During construction of the platform, the operator had many discussions with the contractor regarding change orders. Having a strong commercial team at the construction site thus turned out to be very valuable. Many of the proposed changes were communicated at an early stage and the final cost was far lower than had the change orders been accepted uncritically.

Another lesson is that the accommodation needs in connection with offshore hook-up and completion should have been taken into consideration to a greater extent when the final bed capacity at the ship (FPSO) was determined.

 


4.3 Tyrihans

 

4.3.1 Project description

Tyrihans consists of Tyrihans Nord and Tyrihans Sør and is located in blocks 6406/3 and 6407/1. The field is located in the southern part of Haltenbanken, 40 km southeast of Kristin and 170 km from Vikna on the border between Nord-Trøndelag County and Nordland County.

Tyrihans is part of production licences 073, 073B and 091. Statoil is the operator on the field. Total recoverable reserves were estimated at 29 MSm³ oil and 34.8 GSm³ gas in the PDO.

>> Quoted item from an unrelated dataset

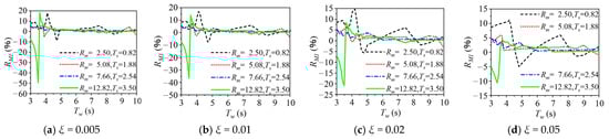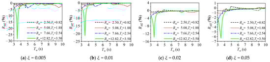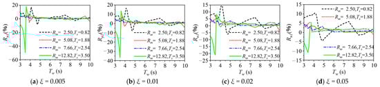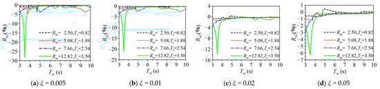 - The water–cylinder interaction can significantly influence the seismic responses of the cylinder, especially when the mass ratio is small. Generally, the effects of water–cylinder interaction decrease as the damping ratio increases.

The field is developed with a subsea production facility tied in to Kristin for processing of the wellstream and Åsgard B for import of gas for gas injection.

In the PDO, the plan was for Tyrihans to be developed with 12 wells distributed over five templates. Of these, 11 were scheduled to be drilled by 2011 and one in 2015.

Production started as planned in July 2009.

 

Licensees June 2013

Statoil Petroleum AS

58.84%

Total E&P Norge AS

23.15%

Exxon Mobil Exploration & Production Norway AS

11.79%

Eni Norge AS

6.23%

 

Figure 4.3 - Download pdf 

Figure 4.3 Tyrihans development concept

 

4.3.2 Brief description and status

The application for development and operation of Tyrihans was submitted to the MPE on 11 July 2005 and approved by the King in Council on 2 December 2005.

A large part of the Tyrihans development was based on use of new technology that had to be qualified. This primarily applied to the subsea production systems, where subsea pumps were chosen for injection of raw seawater. This had not previously been done on the Norwegian shelf. Aker was awarded the contract for delivering these pumps. FMC had the EPC contract for the subsea facility. An advanced control and workover system was subject to qualification here. Nexan had a contract for delivery of the umbilical and DEH (direct electrical heating). DEH also required qualification as this was used on pipelines over longer distances than ever before for Tyrihans. Acergy had a contract for installing pipelines. Reinertsen was awarded an EPC contract for necessary modification work on Kristin, and a contract was signed with Transocean Arctic for drilling the wells.

Production started as planned in July 2009 with production from four wells.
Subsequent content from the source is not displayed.